Synthesis of core/shell cobalt-doped rutile TiO2 nanorods for MB degradation under visible light†

Abstract

Although TiO₂ has been widely applied in many fields, the design and preparation of one-dimensional rutile TiO₂ nanomaterials for high-efficiency photocatalysis under visible light remain challenging. Herein, uniform Co-doped rutile TiO₂ nanorods with selective adsorption and photocatalytic activity for methylene blue (MB) have been developed via a one-pot molten salt flux method. Compared to pure rutile TiO₂ nanorods, the Co-doped rutile TiO₂ nanorods exhibited an obvious core/shell structure with smaller inner crystal face spacing (d₀₀₁ = 0.20 nm) and a larger rough surface (the BET specific surface area is 25 m² g⁻¹).

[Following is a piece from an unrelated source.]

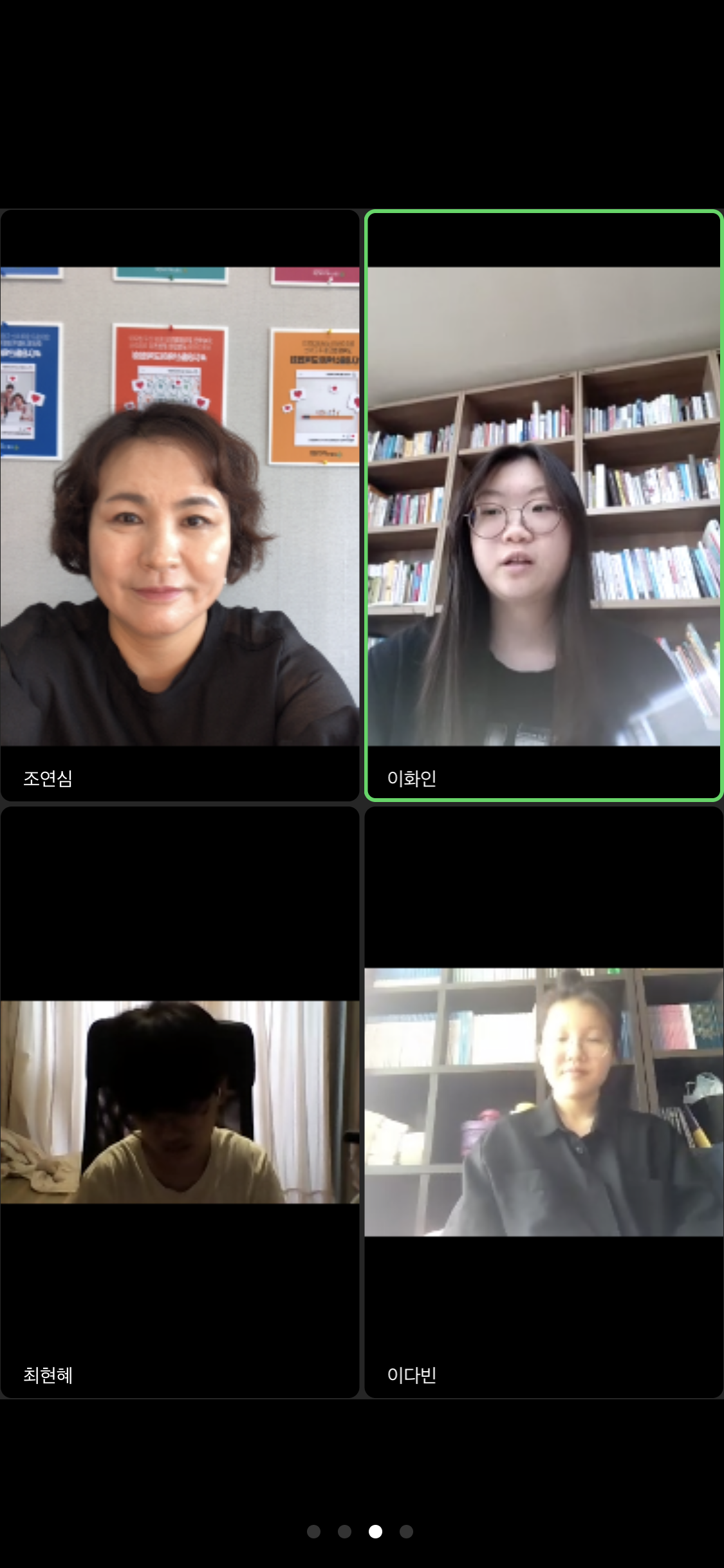 셋, 김형환 교수님이 진행하는 열정캠프 고등부 인터뷰 시간! 줌으로 진행되었던 이 시간에 저는 새로운 가능성을 확인했답니다. 자신의 꿈을 이야기하고, 질문을 만들어내고, 스스로 계획을 세우고 당당하게 자기를 드러내는 중3, 고1 학생들을 보니 대한민국의 미래가 밝다는 생각이 들었답니다. 이런 멋진 학생들을 만나게 해 주신 김형환 교수님, 감사합니다.

Furthermore, different dyes were employed to investigate the adsorption ability of Co-doped rutile TiO₂ nanorods. The density functional theory (DFT) calculations determined that both the electrostatic potential and molecular structure could influence the adsorption behavior on the photocatalyst surface. The results indicated that the Co-doped TiO₂ nanorods possessed a high selective adsorption capacity for MB (134.54 mg g⁻¹ in neutral solution). The degradation of MB using Co-doped rutile TiO₂ nanorods was conducted under visible light irradiation, yielding with an apparent rate constant of 0.301 min⁻¹ at pH = 7. The degradation mechanism was further explored through electron spin resonance (ESR) experiments, which identified the formation of superoxide anions (·O₂⁻) and hydroxyl radicals (·OH) in the system. This study provides a new strategy for preparing novel rutile TiO₂ photocatalysts for the degradation of organic dyes under visible light.